Internal Stable attribute – Ability
Internal Unstable attribute – Effort, amount of practice
External Stable attribute – Played against a good team.
External Unstable attribute – Luck, referee’s decisions.
Attribution and Effort
Coaches and players can use attribution theory to make sure their players keep
on trying, even after a defeat. Attribution can be used to promote task
persistence.
Self-serving bias
When players win games, they like to think that it was down to them, so
internal and stable reasons are often given for sporting success, while losing is
attributed to unstable and external reasons.
The self-serving bias helps to promote self-esteem, as well as help
maintain motivation.
For example, blame losing on external stable reasons (e.g. good team),
external unstable reasons (e.g., luck) or internal unstable reasons (e.g.
more effort).
This will raise self-efficacy and esteem and increase the likelihood of an
individual continuing to participate.
Never give reasons for losing to internal and stable reasons, such as
ability, since this might cause the player to lose motivation. The problem
of learned helplessness could occur.
Learned Helplessness
This is where players attribute failure to internal and stable reasons such as
ability.
Learned helplessness can be general or specific.
The performer is so lacking in confidence that they think failure is
inevitable and success is unlikely; they have no belief in their ability.
The player may actually give up even if success is possible and they could
have actually won the game.
They believe that no matter what they do or how hard they try, they are
destined to fail and therefore are not persistent.
Learned helplessness can be so bad it becomes general, when the player
begins to feel they are no good at sport overall or a type of sport. E.g I
am not very good at racket sports such as tennis and badminton, or I
cannot play any sports.
This can be because they experienced little success when playing these
sports.
It can also be specific to one skill/sporting event, such as I cannot take
penalties in football.
It can also be to a single sport, such as someone who doesn’t think they
are good at squash because they always make mistakes when trying to
read the bounce of the ball from the walls of the court.
As mentioned earlier, learned helplessness can be developed by
attributing success to internal and stable factors such as ability.
It can be developed by negative feedback and criticisms from coaches
and others.
It can be developed by negative experiences.
It can be developed by a lack of success.
Learned helplessness performers share similar characteristics with NAF
performers.
If their attributions remain unchanged, it is likely that they will not
participate in sporting activity, as they have such low self-esteem
relating to sport.
Performance will be negatively affected
Strategies to avoid learned helplessness, leading to improvements in
performance – attribution retraining.
Attribution retraining – changing the reasons given for winning and losing.
The performer’s perception of why they have failed should be altered –
they should now attribute success to external factors such as luck, or to
controllable factors such as effort, which they know they can improve
on.
Success should now be attributed internally to ability; the performer
knows that they have what is necessary to repeat victory in the future.

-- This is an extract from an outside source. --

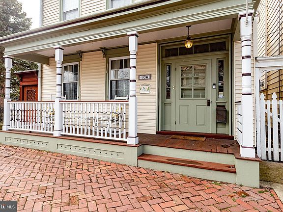 Here's an opportunity to reside in historic Bordentown City and own a piece of its rich history! This charming colonial home, dating back to the mid-1800s, seamlessly blends its historical character with modern amenities. With 2280 sq. ft. of living space and a finished attic on the third floor, there's plenty of room to spread out and enjoy. Upon arrival, you'll be greeted by a picturesque rocking chair covered front porch, setting the tone for the charm and character that awaits inside. Step through the door to find refinished hardwood floors throughout the classic center hall colonial layout. The formal living room features a decorative fireplace and elegant white columns, leading to a family room adorned with a stunning stained glass window. The formal dining room boasts its own stained glass window and sliding doors that open to a side deck, perfect for outdoor dining or relaxation. The recently updated kitchen showcases a classic brick gas fireplace as its focal point, along with upgraded cabinetry, a center island, granite countertops, stainless steel appliances, and a nearby pantry room and powder room. Ascend the front or back staircase to the second level, where hardwood floors continue. The large master bedroom features a skylight and window bench with beautiful views of the back yard, while the nearby fully renovated full bath offers a luxury tub and shower with glass doors, double vanity sink with marble top, marble tile floors, and a raised ceiling. The second bedroom includes a decorative fireplace, and the office/study can easily serve as a fourth bedroom if needed. On the third level there is a huge third bedroom. Additional features of the home include gas heat and central air, as well as a full basement providing ample storage space. Outside, you'll find your own private retreat in the fenced backyard, where flowering trees and shrubs, including the graceful lace leaf Japanese Red Maple and vibrant hydrangeas, create a picturesque backdrop. Follow the paver walkway to discover a lower second deck with built-in benches, offering the perfect spot to unwind and enjoy the tranquility of your surroundings. Situated close to major highways such as Route 130, 295, and the NJ Turnpike, as well as NJ Transit stations with service to NYC and Philadelphia, commuting is convenient. Enjoy a short walk to the quaint downtown Bordentown, offering shops, restaurants, schools, places of worship, and the Lite Rail. Don't miss this chance to own a piece of Bordentown's history while enjoying the comforts of modern living. Schedule a showing today and experience the allure of this remarkable home for yourself!

The coach can use the Weiner model, changing internal stable reasons
for failure into external unstable ones.
For example, don’t blame the player’s ability, but rather luck or task
difficulty.
The coach can also provide motivation via reinforcement,
As well as allow early success so that confidence in ability is achieved,
The coach can set achievable goals
Stress any personal improvement during the game, even if the game was
lost
All of this will help promote self esteem.
The coach can set realistic/achievable process and or performance goals.

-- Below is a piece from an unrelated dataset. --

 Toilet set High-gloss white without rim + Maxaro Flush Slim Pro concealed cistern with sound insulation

Raise self-efficacy using Bandura’s model.
Highlight previous successful performances,
Give positive reinforcement and encouragement.

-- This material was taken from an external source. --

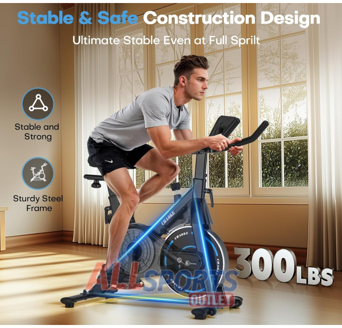 The CHAOKE Exercise Bike features quiet magnetic resistance with a 300LB capacity. Perfect for home workouts, it offers app compatibility and a comfortable seat. Enjoy smooth rides and precise performance with the digital display for easy tracking.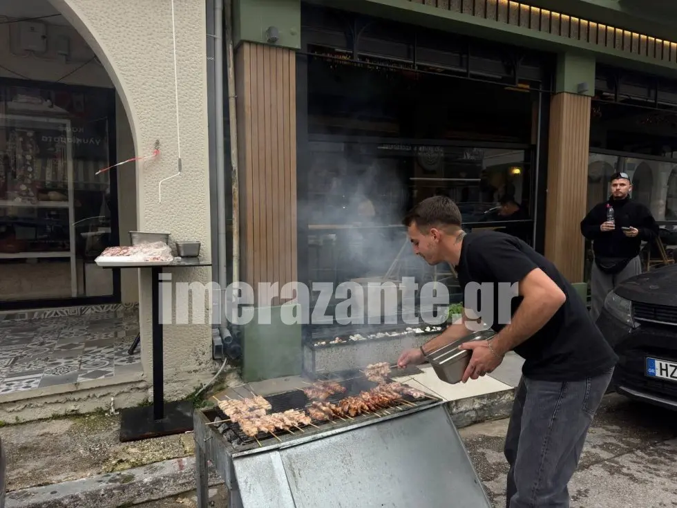 Λίγο μετά τις 8:00 άναψαν οι πρώτες φωτιές, με τις σούβλες να παίρνουν μπρος και τις μυρωδιές των ψητών να γεμίζουν τους δρόμους, δημιουργώντας εορταστική ατμόσφαιρα.

Learned helplessness is linked to confidence, so using some of the
strategies that affect confidence will help to overcome learned
helplessness,
This includes setting achievable goals
Pointing out past success
Giving demonstrations that are within the player’s capabilities
Using cognitive and somatic stress management techniques e.g.
imagery,
Use of encouragement and praise will increase confidence.
Mastery orientation – the opposite of learned helplessness, a state of mind
when the performer is high in confidence, has belief in their ability and thinks
that success can be repeated whilst failure is both temporary and
changeable.
It is giving internal and stable reasons for success, showing confidence
and thinking success can be repeated.
Sports performers with mastery orientation will show approach
behaviour in competition and will continue to try even if at first they do
not succeed.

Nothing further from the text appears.